**EXERCISE INSTRUCTIONS**
Make an exact copy of the data below, leaving out every picture.

**SUPPLIED DATA**
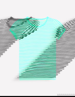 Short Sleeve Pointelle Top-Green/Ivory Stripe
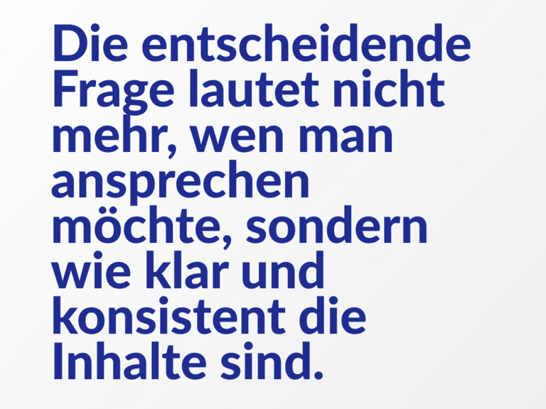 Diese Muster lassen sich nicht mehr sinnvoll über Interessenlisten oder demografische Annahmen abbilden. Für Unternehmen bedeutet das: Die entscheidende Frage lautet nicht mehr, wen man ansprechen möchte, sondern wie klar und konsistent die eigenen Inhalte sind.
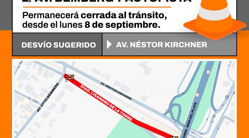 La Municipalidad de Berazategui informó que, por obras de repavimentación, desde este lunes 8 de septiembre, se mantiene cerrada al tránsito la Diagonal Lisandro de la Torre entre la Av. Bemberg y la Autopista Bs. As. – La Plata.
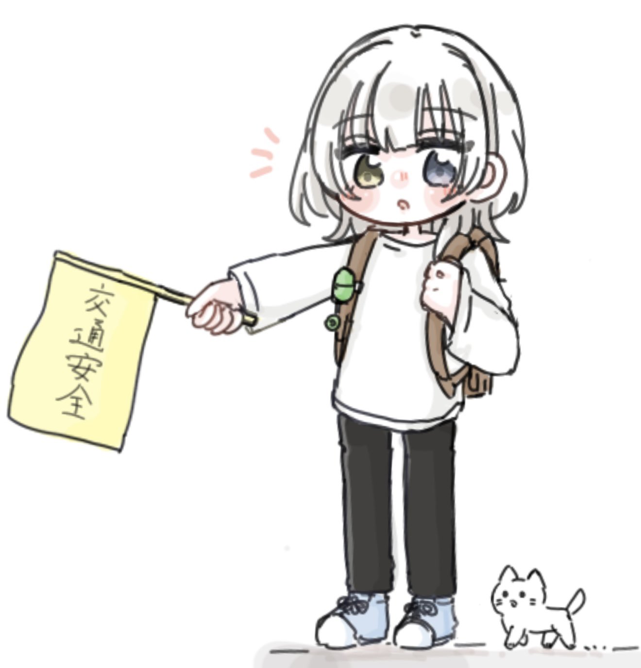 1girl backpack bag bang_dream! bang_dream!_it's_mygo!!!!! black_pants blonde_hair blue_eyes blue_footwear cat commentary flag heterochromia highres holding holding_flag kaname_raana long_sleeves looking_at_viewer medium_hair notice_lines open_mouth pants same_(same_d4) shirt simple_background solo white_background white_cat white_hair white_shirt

**EXERCISE OUTPUT**
 Short Sleeve Pointelle Top-Green/Ivory Stripe
 Diese Muster lassen sich nicht mehr sinnvoll über Interessenlisten oder demografische Annahmen abbilden. Für Unternehmen bedeutet das: Die entscheidende Frage lautet nicht mehr, wen man ansprechen möchte, sondern wie klar und konsistent die eigenen Inhalte sind.
 La Municipalidad de Berazategui informó que, por obras de repavimentación, desde este lunes 8 de septiembre, se mantiene cerrada al tránsito la Diagonal Lisandro de la Torre entre la Av. Bemberg y la Autopista Bs. As. – La Plata.
 1girl backpack bag bang_dream! bang_dream!_it's_mygo!!!!! black_pants blonde_hair blue_eyes blue_footwear cat commentary flag heterochromia highres holding holding_flag kaname_raana long_sleeves looking_at_viewer medium_hair notice_lines open_mouth pants same_(same_d4) shirt simple_background solo white_background white_cat white_hair white_shirt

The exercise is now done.